§ SUPPLIED DATA:
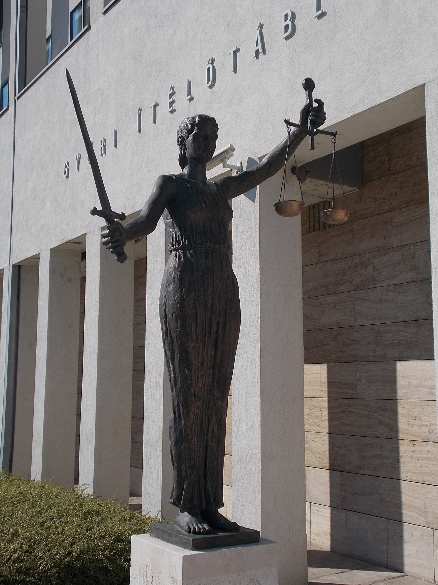 Statue of Justice by Ferenc Lebó (2006 Bronze statue, libra and sword in art) at the Higher Regional Court. - Domb Street, Győr, Győr-Moson-Sopron County, Hungary.
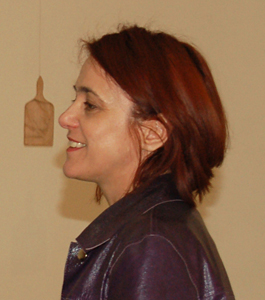 Portrait of Marianne Csaky.jpg
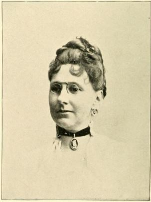 Mrs John H. Mitchell

§ WHAT TO WORK ON: Return the complete data unchanged and include none of the pictures.

§ ANSWER TO THIS PROBLEM:
 Statue of Justice by Ferenc Lebó (2006 Bronze statue, libra and sword in art) at the Higher Regional Court. - Domb Street, Győr, Győr-Moson-Sopron County, Hungary.
 Portrait of Marianne Csaky.jpg
 Mrs John H. Mitchell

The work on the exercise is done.